Il n'est pas toujours nécessaire d'indiquer la version du paquet dans l'atom : dev-lang/tcl est tout à fait valable et concerne toutes les versions du paquet.

----------

## Gaby

 *pititjo wrote:*   

> Il n'est pas toujours nécessaire d'indiquer la version du paquet dans l'atom : dev-lang/tcl est tout à fait valable et concerne toutes les versions du paquet.

 

Tu es sur de ton coup ? j'ai souvenir de me faire jeter par emerge régulièrement à cause de du versionnement. Par contre avec package.keywords, je suis sur que la version n'est pas indispensable.

----------

## bouriquo

Merci pour ces infos Gaby, mais je crois enfin faut que je le verifie encore, que lorsque j'avais mis dans mon unmask >=dev-lang/expect-5.44 si je faisais un emerge ou autre, il m'indiquait une erreur au niveau de mon fichier unmask.
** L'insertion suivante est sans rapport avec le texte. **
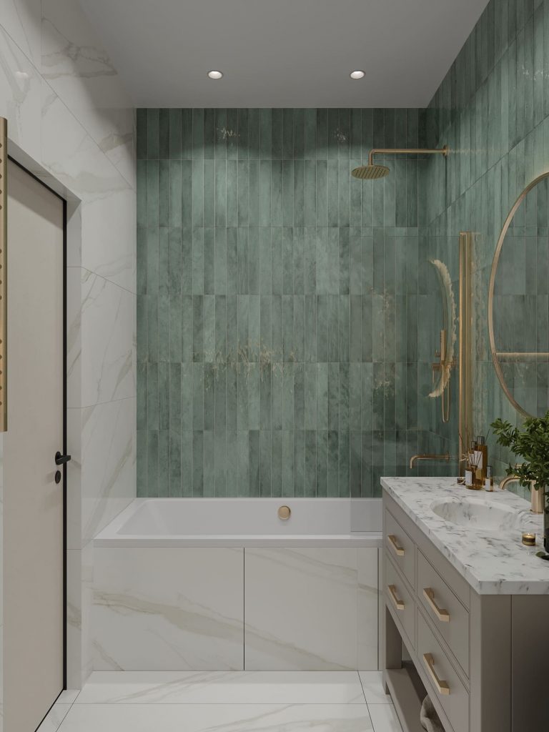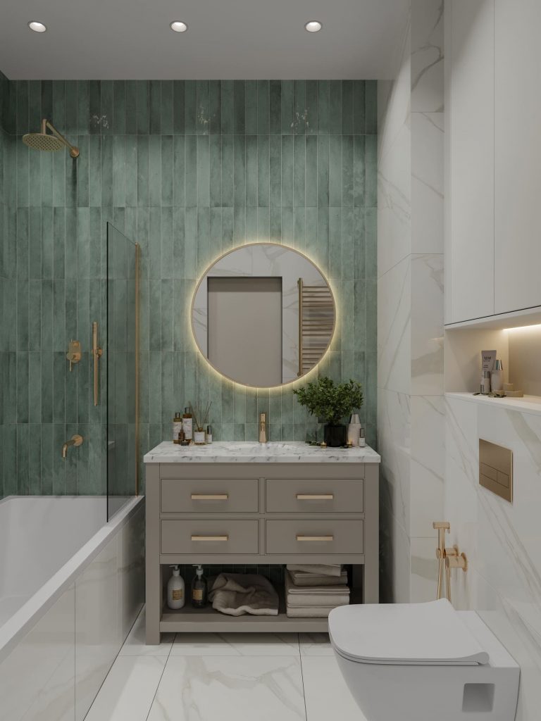 Основой санузла стала светлая палитра и мраморная отделка. Ярким акцентом выступила стена с изумрудной плиткой, которую дополнила золотистая фурнитура.

Sinon concernant la recherche avec emerge --search il n'est pas censé ramener aussi les packages masqués ?

----------

## pititjo

 *Gaby wrote:*   

>  *pititjo wrote:*   Il n'est pas toujours nécessaire d'indiquer la version du paquet dans l'atom : dev-lang/tcl est tout à fait valable et concerne toutes les versions du paquet. 
> 
> Tu es sur de ton coup ? j'ai souvenir de me faire jeter par emerge régulièrement à cause de du versionnement. Par contre avec package.keywords, je suis sur que la version n'est pas indispensable.

 

Après vérification, il semblerait en effet que dans package.unmask il faille mettre la même atom que dans le mask. De toute façon, mieux vaux ne « dé-hard-masker » que la version que l'on souhaite, ça évite de mauvaises surprises plus tard.

----------

## Gaby

 *bouriquo wrote:*   

> Merci pour ces infos Gaby, mais je crois enfin faut que je le verifie encore, que lorsque j'avais mis dans mon unmask >=dev-lang/expect-5.44 si je faisais un emerge ou autre, il m'indiquait une erreur au niveau de mon fichier unmask.
> 
> Sinon concernant la recherche avec emerge --search il n'est pas censé ramener aussi les packages masqués ?

 

Forcement, expect est rangé dans dev-tcltk et pas dans dev-lang.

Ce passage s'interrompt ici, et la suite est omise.